Accusations contre le gouvernement concernant la loi sur les deepfakes liée à Grok AI
Des militants accusent le gouvernement de traîner les pieds sur l’implémentation d’une loi qui rendrait illégal la création de deepfakes sexualisés non consensuels. Cette polémique survient alors qu’une controverse éclate autour des images créées à l’aide de l’IA Grok, qui permet de retirer numériquement les vêtements. Une femme a déclaré que plus de 100 images sexualisées d’elle avaient été générées.
Actuellement, il est illégal de partager des deepfakes d’adultes au Royaume-Uni, mais la nouvelle législation criminalisant la création ou la demande de telles images n’est toujours pas en vigueur, bien qu’elle ait été adoptée en juin 2025. Il n’est pas clair si toutes les images créées par Grok seraient couvertes par cette loi.
Réactions gouvernementales
Le Premier ministre a qualifié les images sexualisées produites par Grok de « scandaleuses » et « dégoûtantes ». Il a déclaré que de telles pratiques ne doivent pas être tolérées et a exprimé son soutien à l’action d’Ofcom, le régulateur des communications, pour lutter contre ce phénomène.

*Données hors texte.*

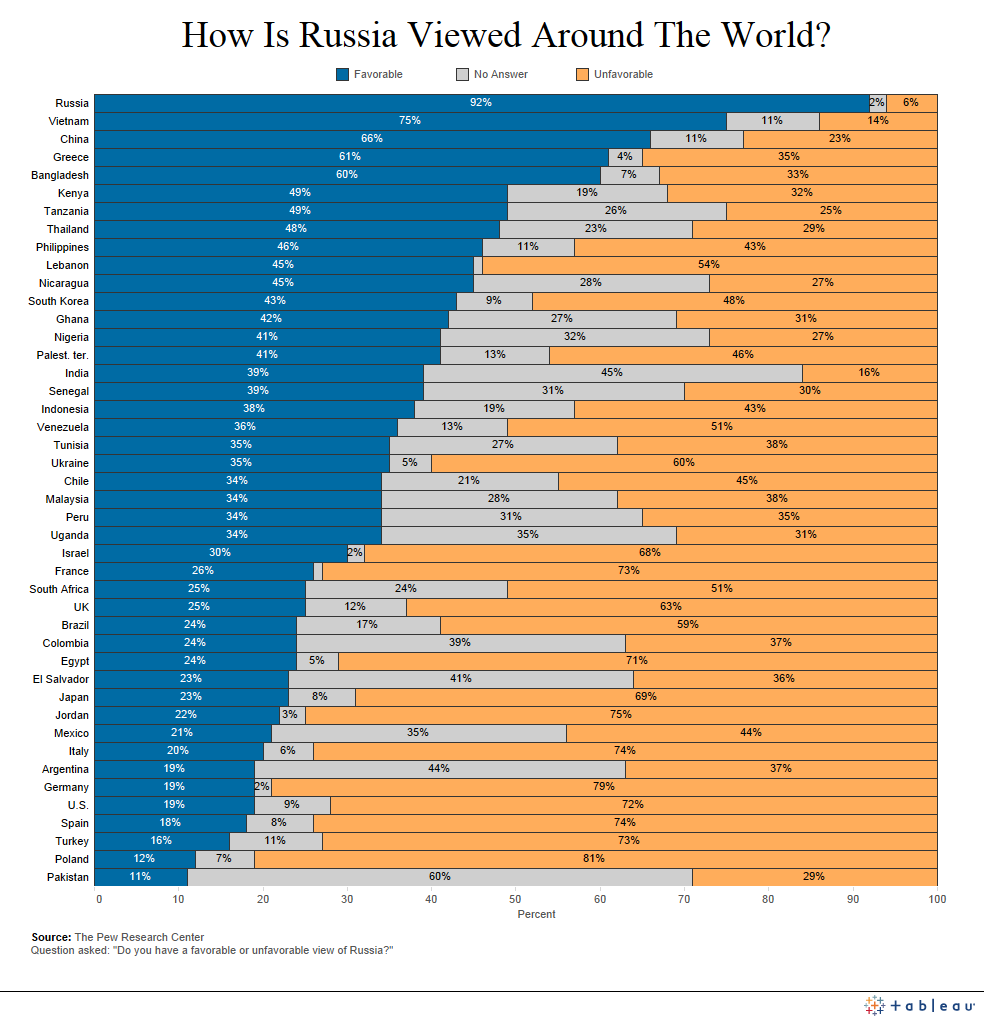 81% опрошенных поляков заявили о негативном отношении к этой стране, 79% немцев, 75% граждан Иордании, 74% – Испании и Италии. Одним процентом меньше недоброжелательности к россиянам у жителей Турции и Франции, 72% американцев недолюбливают Россию. Также большинство населения Египта, Японии, Израиля, Великобритании, Бразилии, Ливана, Южной Африки и Венесуэлы негативно воспринимают РФ.
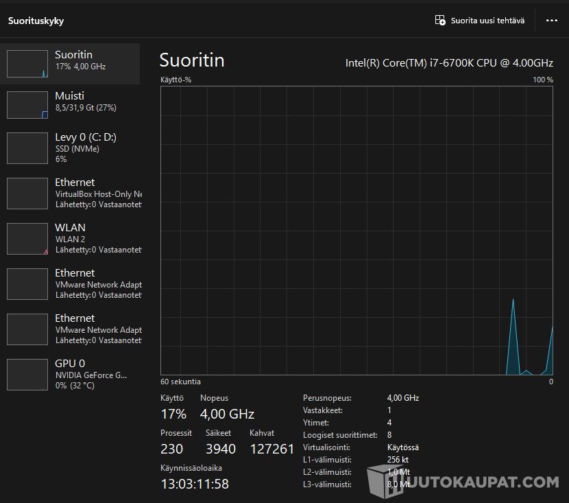 HP Z240 tehotyöasema jossa i7-6700k, 16gb ddr4, 2tb samsung ssd, nvidia 1660ti näytönohjain.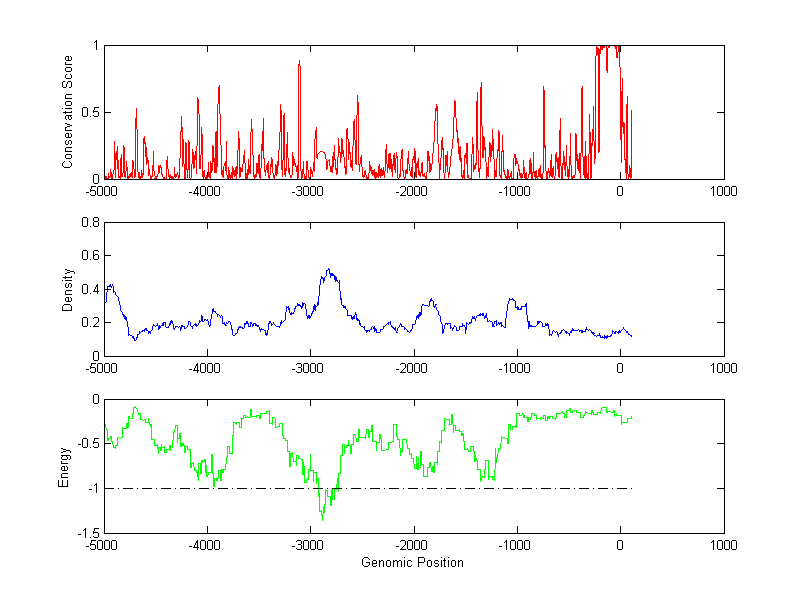 About the profiles: The conservation profile (red curve) is about conservation scores of the promoter sequences. Conservation was determined from an eight-way alignment of human, chimpanzee, dog, mouse, rat, chicken, zebrafish and fugu sequences. The conservation was quantified by a conservation score between 0 and 1, with 1 as highest conservation. The conservation score was obtained from UCSC genome databases. The density profile (blue curve) is about density of all TF binding sites. The energy profile (green curve) is about energy for module detection based on TF interaction. The positions with energy less than -1 indicate the existence of CRMs. Download: Conservation profileDensity profile Energy profile CRM summary |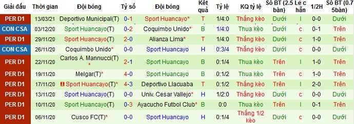 + Thống kê 10 trận gần nhất của Sport Huancayo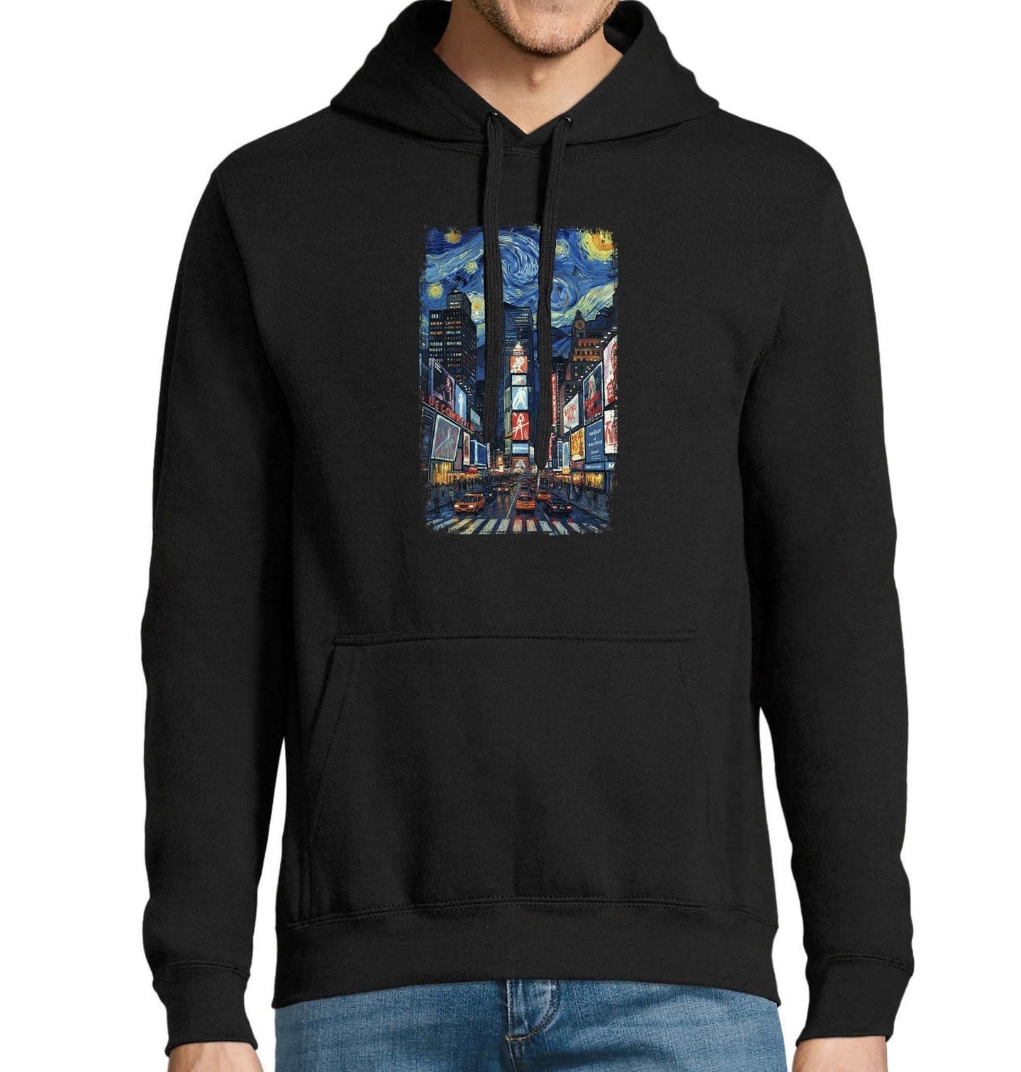 Pánská mikina New York Times Square ve Hvězdné noci. Originální motiv, který spojuje slavný obraz Hvězdná noc od Vincent van Gogha s ikonickým rušným centrem New Yorku – Times Square. Tento design je ideální pro milovníky umění, cestování i moderního městského života. Pokud tě fascinuje Vincent van Gogh a jeho Hvězdná noc, tenhle motiv si zamiluješ!

Andrea Simon, d’une organisation de défense des droits des femmes, a affirmé que le gouvernement avait mis les femmes et les filles en danger en ne mettant pas rapidement la loi en œuvre. Elle a souligné que les deepfakes sexualisés constituent une violation claire des droits des femmes et ont un impact traumatisant sur les victimes.
Progrès législatifs et préoccupations
Le gouvernement a déjà introduit une législation interdisant le partage d’images intimes sur les réseaux sociaux sans consentement. Cependant, experts et militants soulignent que l’application d’une disposition clé ciblant ceux qui demandent à Grok de créer des deepfakes sexualisés est toujours retardée.
Un professeur de droit Internet a noté que la loi actuelle interdit la génération de deepfakes pornographiques dans des contextes tels que la pornographie de vengeance ou impliquant des mineurs. Malgré cela, la législation interdisant la création de deepfakes sexuels non consensuels n’a pas encore été mise en œuvre.
Impact sur les victimes
Des femmes ont témoigné de leur expérience avec Grok, signalant que leurs photos avaient été transformées en deepfakes. Elles ont exprimé un sentiment d’humiliation et d’agression, affirmant que cette situation leur cause une détresse mentale importante.
Les utilisatrices ont souligné que la création de ces images les pousse à s’autocensurer et à modifier leur comportement en ligne, limitant ainsi leur liberté d’expression. Les militants appellent à une action immédiate pour protéger les droits des femmes contre cette forme de violence numérique.
Conclusion
Le retard du gouvernement dans la mise en œuvre de la législation sur les deepfakes soulève des préoccupations croissantes quant à la sécurité des femmes sur les plateformes numériques. Les appels à une action rapide se multiplient, alors que la technologie évolue plus vite que les lois censées la réglementer.